Behind all the worry and concern, Claire felt the first glimmer of a plan hatching. She smiled to herself as she locked the car. She’d read up on how this sort of thing could help, and she reckoned it would do him the world of good. Her mind was made up.
Chapter Three
Callum knew Marcus must already be home as he unlocked the front door to the Old Stables. He felt the resonant thud-thud of the bass beat in the floor, the walls, even the air, before he actually heard his son’s music.

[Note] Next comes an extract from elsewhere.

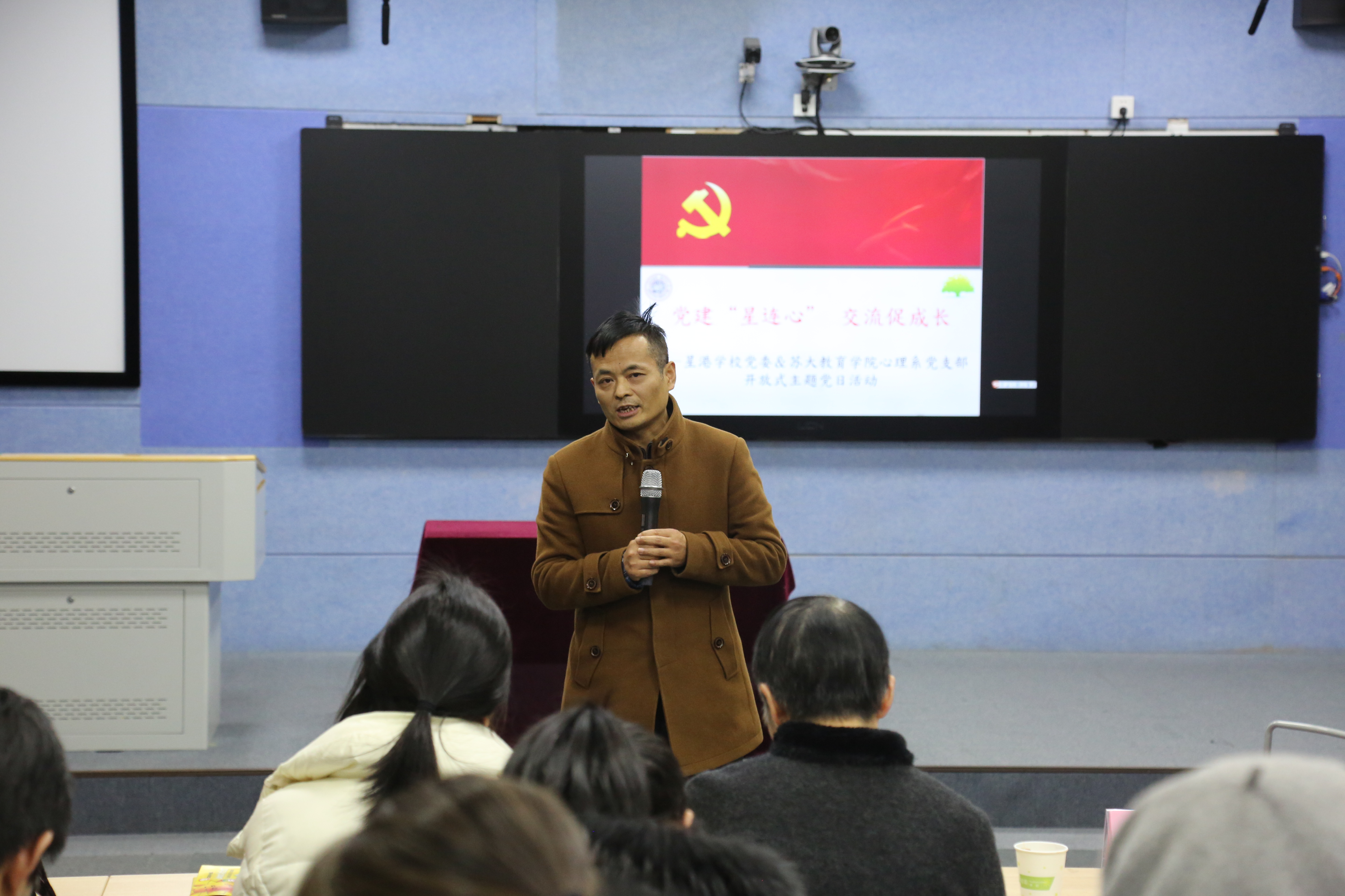 活动最后,身为直接负责联系心理学系党支部的学院领导,苏大教育学院院长冯成志教授介绍了党建工作经验。2018年12月,心理学系党支部成功入选教育部“全国党建工作样板支部”培育创建单位。党建工作扎实有效、活动丰富、深入基层,起到了良好的示范榜样作用。冯院长充分肯定了今天活动的形式和效果,双方共同学习交流,进一步强化了基层党建合力。他表示要将两家单位的党建联盟更加深入、常态化地推进下去。

The breakfast remains were still on the kitchen table – exactly how Claire had left it as she’d dashed out for the school run and then on to work, except now the cat had dragged a piece of toast onto the floor and licked off the butter. The ginger tom wound between Callum’s feet as he poured a glass of water.
‘Anyone else home?’ he called out, swigging and wiping his mouth with the back of his hand. ‘Claire?’
Nothing. He supposed she would be fetching Amy.
He went back to the hall and picked up the newspaper from the mat, settling down in his favourite armchair to have half-an-hour’s read before the evening chaos began. But for some reason, he couldn’t concentrate.